Vizio TV はさらに悪化する可能性がある

広告事業の成長を目指す企業の観点からすると、Vizioの買収は合理的だと思われる。しかし、ユーザーの観点から見ると、Vizio TV は広告の販売と測定に重点を置きすぎるリスクがあります。

Vizio には、Platform+ の成長と SmartCast の収益性に注力する大きな経済的インセンティブがすでにありました (Vizio は最新の収益報告で、SmartCast ユーザーあたりの平均収益が前年比 14% 増加して 31.55 ドルになったと述べています)。

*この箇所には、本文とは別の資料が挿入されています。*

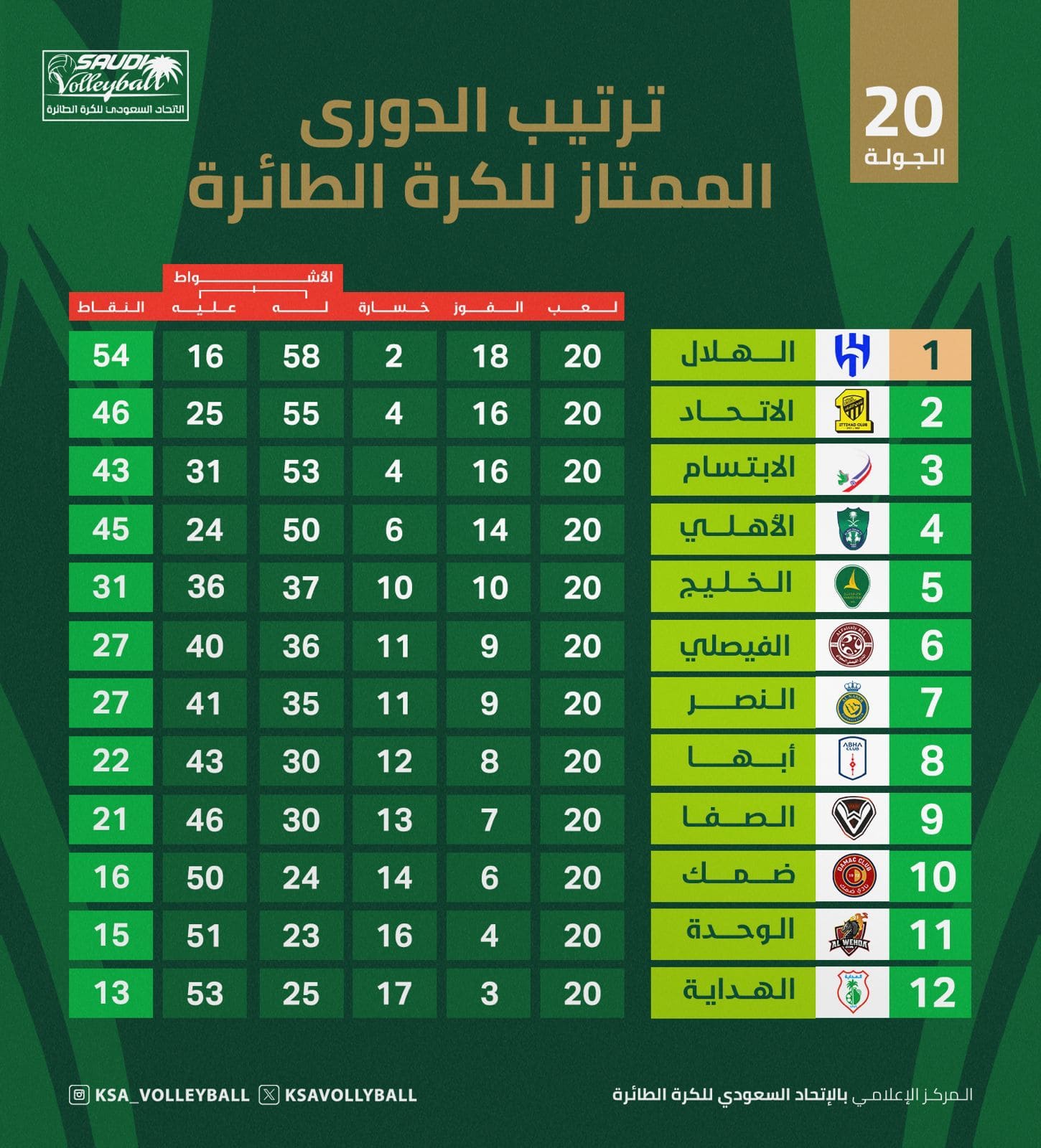 تنطلق غداً الاربعاء مباريات ( الجولة 21 ) ماقبل الاخيرة من الدوري الممتاز للكرة الطائرة باقامة ست مباريات ، وكان الهلال قد حسم لقب الدوري هذا الموسم بعد فوزه على الوحدة رافعاً رصيده 54 نقطة يليه الاتحاد في المركز الثاني 46 نقطة والابتسام في المركز الثالث 43 نقطة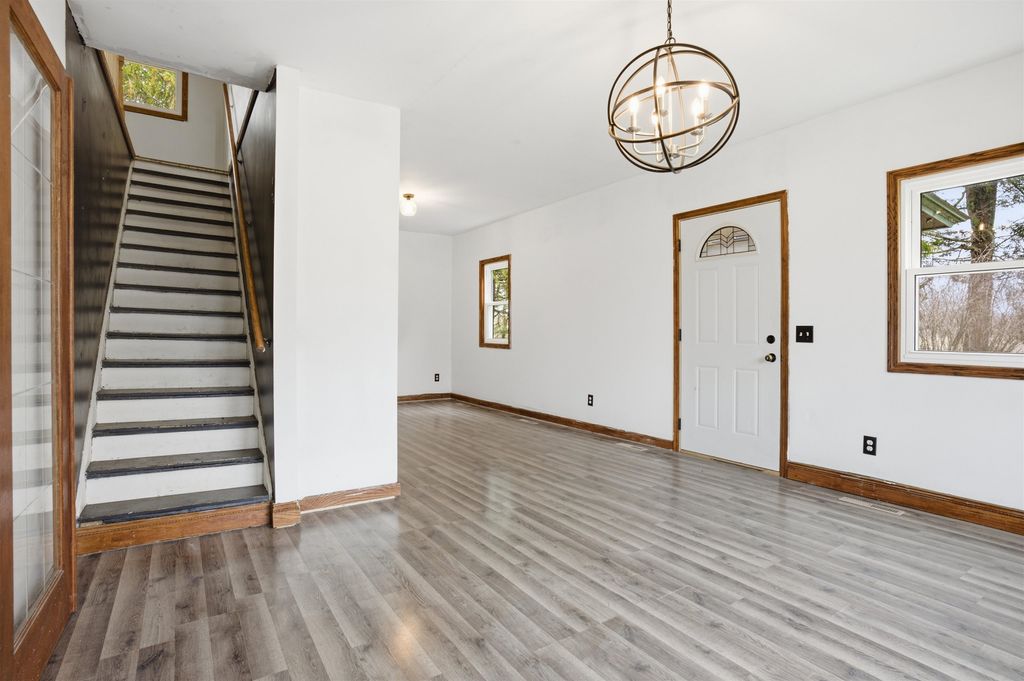 4-bedroom, 2-bath two-story home on 2.83 acres, backing directly to over 100 acres of public land with a trout stream. The main level offers approximately 900 sq ft of finished living space with a generous kitchen, dining, and living area, a convenient main-floor bedroom, full bath, and new appliances for move-in-ready ease. Upstairs you'll find an additional 800 sq ft finished with three more bedrooms and a second full bath, giving everyone room to spread out. Outside, enjoy the expansive yard, mature trees, and direct access to hiking, hunting, and fishing right out your back door. A detached 2-car garage provides great storage for vehicles, tools, and outdoor gear. Hard-to-find country setting with updated features, year-round recreation, and a trout stream just beyond your backyard"”don't miss this one!

長年にわたり、Vizio のビジネスはテレビの販売よりも広告の販売に重点を置いてきました。広告に焦点を当てた買収は、Vizio ハードウェアの改善への注力を損なう可能性があります。

テレビにさらに多くの広告を詰め込むと、低コストで高品質のテレビを求める人々の体験が台無しになる可能性もあります。お金を節約するために機能や画質を犠牲にすることをいとわない人もいるかもしれませんが、その体験のために広告の増加や視聴者追跡への絶え間ない関心に対処したくない人もいます。Vizio は広告事業の成長を目指す複合企業の一員となることが予想されているため、Vizio のテレビでの広告エクスペリエンスが悪化する可能性があります。